Statistical analysis of favorite win rates across sports prediction markets using hybrid API architecture.
This project analyzes sports prediction market efficiency on Polymarket. The primary research question: What is the empirical win rate of favorites across different professional sports?
The analysis processes 10,115 closed betting markets across 10,223 total events in seven sports (ATP, WTA, NBA, NFL, MLB, CFB, CBB), achieving 99% data completeness through a hybrid API integration approach.
| Sport | Favorite Win Rate | Sample Size | Events Analyzed |
|---|---|---|---|
| College Basketball | 72.7% | 1,250/1,720 | 1,720 |
| College Football | 72.9% | 805/1,105 | 1,105 |
| ATP Tennis | 69.5% | 1,234/1,776 | 1,776 |
| NBA Basketball | 67.9% | 1,350/1,988 | 1,988 |
| WTA Tennis | 66.7% | 12/18 | 18 |
| NFL Football | 66.6% | 414/622 | 622 |
| MLB Baseball | 56.5% | 1,385/2,450 | 2,450 |
The system implements a multi-stage data pipeline integrating two Polymarket APIs:
┌──────────────────┐
│ Gamma API │ Sport-based event filtering via tag IDs
│ (Event Catalog) │ Fetches: event metadata, participants, market structure
└────────┬─────────┘
│
▼
┌──────────────────┐
│ CLOB API │ Token-based pricing enrichment
│ (Order Book) │ Fetches: closing prices, settlement data, volume
└────────┬─────────┘
│
▼
┌──────────────────┐
│ Analysis Engine │ Win rate calculation and aggregation
│ (Pandas) │ Logic: identify favorite → validate winner → compute rates
└────────┬─────────┘
│
▼
┌──────────────────┐
│ Excel Output │ Actionable insights generation
│ (xlsxwriter) │ Format: 7-tab workbook with analysis
└──────────────────┘
- Multi-sport support: ATP, WTA, NBA, NFL, MLB, CFB, CBB
- Hybrid API architecture: Combines Gamma API (events) + CLOB API (pricing)

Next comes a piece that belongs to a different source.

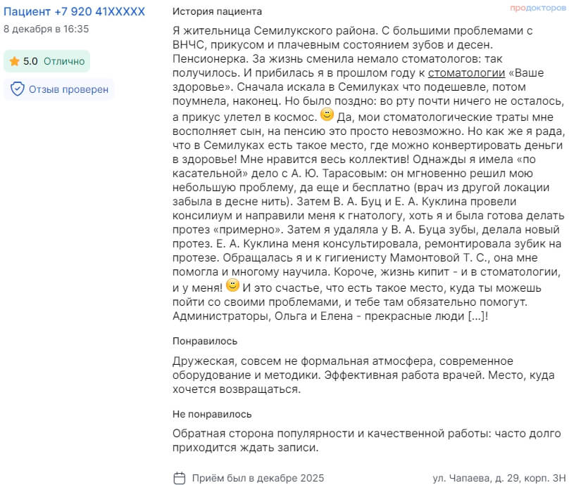 Обращаться в «Ваше здоровье» не хотел, думал, что тоже самое получу в поликлинике и не за большие деньги. По совету матери обратился в «Ваше здоровье» — я в шоке, денег за такую работу ни капли не жалко, сделано все по высшему уровню. Запись на прием в удобное для меня время, если приходится подождать, то не более 10 минут, режим работы лучше не придумаешь. По окончании лечения часть потраченных денег вернуть не проблема через налоговую (не знаю, как правильно называется эта процедура) но все рекомендации по документам, пожалуйста, нет проблем. ПРОСТО СУПЕР ВСЕ ВЫСШИЙ КЛАСС.

- 99.7% data completeness: Token ID matching resolves missing price data
- Async pipeline: Concurrent fetching with aiohttp and rate limiting
- Error tracking: Comprehensive retry logic with exponential backoff
- Actionable Excel output: 7-tab workbook with betting insights and ROI analysis
- Python 3.11 or higher
- pip package manager
# Clone repository
git clone https://github.com/yourusername/polymarket-sports-predictability.git
cd polymarket-sports-predictability
# Install dependencies
pip install -r requirements.txtpython src/fetch_sports.pyOutput: data/fetch_sports.csv (~5 seconds)

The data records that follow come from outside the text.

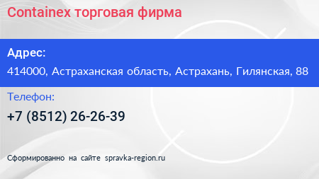 Containex, торговая фирма по адресу 414000, Астраханская область, Астрахань, Гилянская, 88 в дальнейшем Организация, размещена в следующих категориях: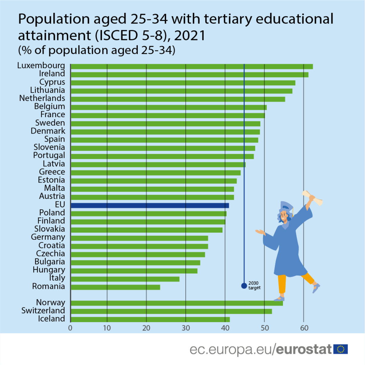 This is way above the EU average of 41%, indicating that Luxembourg’s young people are particularly well-educated when compared to their European peers.
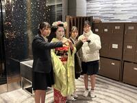 12月3日は班別自主研修です。研修先は、嵐山、伏見稲荷神社など生徒が事前に計画した場所に行き、様々な見学や体験をして自主研修を無事に終えました。ホテルでは、生徒の帰りを舞妓さんが出迎えてくれました。

python src/fetch_events.pyOutput: data/fetch_events.csv (60-90 minutes for 10,223 events)
python src/generate_insights.pyOutput: outputs/favourite_win_rates.xlsx (7 focused tabs with actionable betting insights)
The pipeline uses two Polymarket APIs:
- Gamma API (
https://gamma-api.polymarket.com/events) - Event discovery via sport tags - CLOB API (
https://clob.polymarket.com) - Reliable pricing and settlement data
The hybrid approach resolves Gamma API's 89% missing price data by matching events via condition_id to CLOB market data.
data/
├── fetch_events.csv # 10,223 events with pricing and settlement
└── fetch_sports.csv # Sports metadata and tag mappings
outputs/
└── favourite_win_rates.xlsx # Excel workbook with 7 tabs:
├── Index # Overview + key takeaways
├── Quick Reference # Top actionable strategies
├── Sport Guide # Which sports to bet
├── Underdog Opportunities # ROI by sport/threshold
├── Reliable Favorites # Best teams when favored
├── Market Efficiency # Calibration analysis
└── Raw Data # Summary statistics
polymarket-sports-predictability/
├── README.md
├── LICENSE
├── requirements.txt
├── src/
│ ├── fetch_sports.py # Sports metadata fetcher
│ ├── fetch_events.py # Event data pipeline
│ └── generate_insights.py # Betting insights analysis
├── tests/
│ ├── test_fetch_sports.py
│ ├── test_generate_chart.py
│ └── test_integration.py
├── data/ # Generated datasets
└── outputs/ # Generated Excel workbook
This project is for educational and research purposes only. The analysis is based on historical market data and should not be construed as investment advice.
- Past performance does not guarantee future results
- Users should comply with all applicable laws and Polymarket's terms of service
This project is licensed under the MIT License - see the LICENSE file for details.